Pendaftaran Hak Cipta bukan menerbitkan hak, melainkan hanya
memberikan dugaan atau sangkaan saja menurut peraturan perundangundangan, bahwa orang
yang Hak Ciptanya terdaftar itu adalah si pemilik
hak sebenarnya dari Ciptaan atau sebagai Pencipta dari hak yang
didaftarkannya.
(4) Berikan penjelasan atas peran masing-masing pihak (Tri Partit) dalam penyelesaian
masalah yang terjadi dalam pelanggaran Hak Cipta

a. Lembaga Kerjasama Tripartit (LKS Tripartit)


Dasar hukum dapat dilihat pada ketentuan Pasal 107
Undang-Undang Nomor 13 Tahun 2003 Tentang Ketenagakerjaan yang
telah diatur dalam aturan pelaksanaan yaitu Peraturan Pemerintah Republik
Indonesia Nomor 8 Tahun 2005 Tentang Tata Kerja Dan Susunan
Organisasi Lembaga Kerja Sama Tripartit jo Peraturan Pemerintah Republik
Indonesia Nomor 46 Tahun 2008 Tentang Perubahan Atas Peraturan
Pemerintah Nomor 8 Tahun 2005 Tentang Tata Cara Kerja Dan
Susunanorganisasi Lembaga Kerja Sama Tripartit jo Peraturan Pemerintah
Republik Indonesia Nomor 4 Tahun 2017 Tentang Perubahan Kedua Atas
Peraturan Pemerintah Nomor 8 Tahun 2005 Tentang Tata Kerja Dan
Susunan Organisasi Lembaga Kerja Sama Tripartit.

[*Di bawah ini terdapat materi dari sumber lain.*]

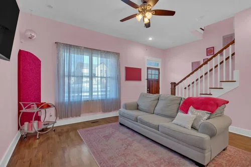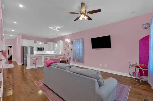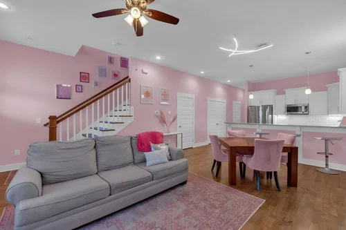 NOO-STR in the Nations with a $10,000 paint allowance to make it your own! Fully furnished and decorated with all the details in mind, your guests will experience the ultimate Nashville getaway. The main floor is the perfect welcoming platform with open kitchen, dining and living room to host the gathering before going downtown, or a quiet night at home. The primary suite on the first floor is beautifully decorated and features a spacious bathroom for any traveler. Walk out the back door to unwind while overlooking the fully fenced backyard and serene treeline on the private sitting area. Upstairs, is a charming loft adorned with custom mural and fabulous lounge area for making memories and relaxing. Both bedrooms offer ample space, complemented by a jack and jill bathroom. This property sleeps up to eight guests with six individual beds. Located just 10-minutes from downtown, and even closer to hotspots like Fat Bottom Brewing and Pennington Distilling Company, as well as the vibrant scene of The Nations, this home is perfectly positioned for both convenience and entertainment.

LKS Tripartit ini merupakan forum komunikasi, konsultasi dan


musyawarah tentang masalah ketenagakerjaan yang anggotanya terdiri dari
unsur organisasi pengusaha, dan serikat pekerja/serikat buruh, dan
Pemerintah, yang bertujuan memberikan pertimbangan, saran, dan pendapat
kepada pemerintah dan pihak terkait dalam penyususnan kebijakan dan
pemecahan masalah ketenagakerjaan. Undang-undang mengatur LKS
Tripartit terdiri dari LKS Tripartit Nasional dan LKS Tripartit Sektoral Nasional
yang berada pada tingkatan nasional, provinsi, dan kabupaten/kota.